Shrew dried her eyes with a tissue and after a moment said to Investigator Marino, “I can’t. I’m sorry. It’s as far as I got. It’s too painful. And I’m still so angry about it. Why are you upsetting me like this? If you’re toying with me, then I’ll file a complaint against you with Jaime Berger’s office. I don’t care if you’re the police. I’ll complain about you all the same. And if you’re some secret agent for the government, just come right out and say it and get it over with.”

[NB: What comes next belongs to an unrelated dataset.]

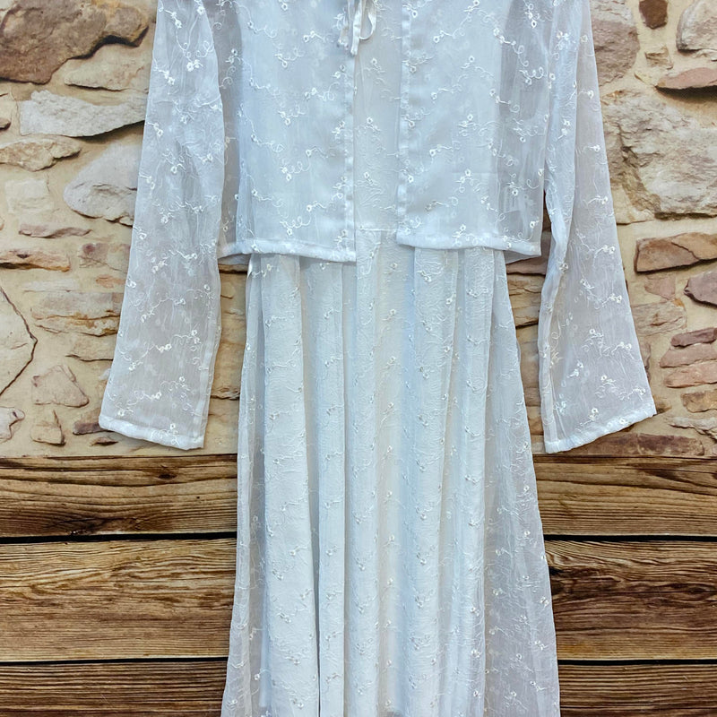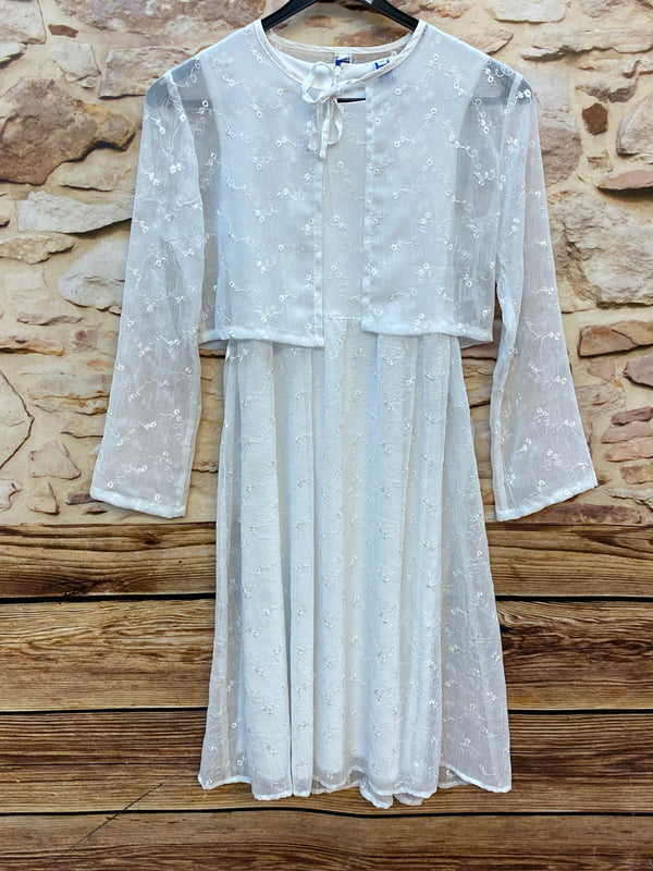 Sehr elegantes, festliches 2-teiliges Kommunion- und Anlasskleid in strahlendem Weiß. Das Set besteht aus einem schlichten Unterkleid und einem zarten, transparenten Spitzenüberkleid mit dekorativer Bolero-Optik.

“I’m not toying with you, and I’m sure as hell not a secret agent,” he said, and she detected kindness in his otherwise firm tone. “I promise I wouldn’t be digging into all this if it wasn’t important. Obviously, Terri’s bringing the sick puppy over here’s something I need to know about because it’s unusual and isn’t consistent with a few other things I’m aware of. I was inside her apartment earlier today. Went over there after talking to her parents. They live in Arizona. Maybe you knew that.”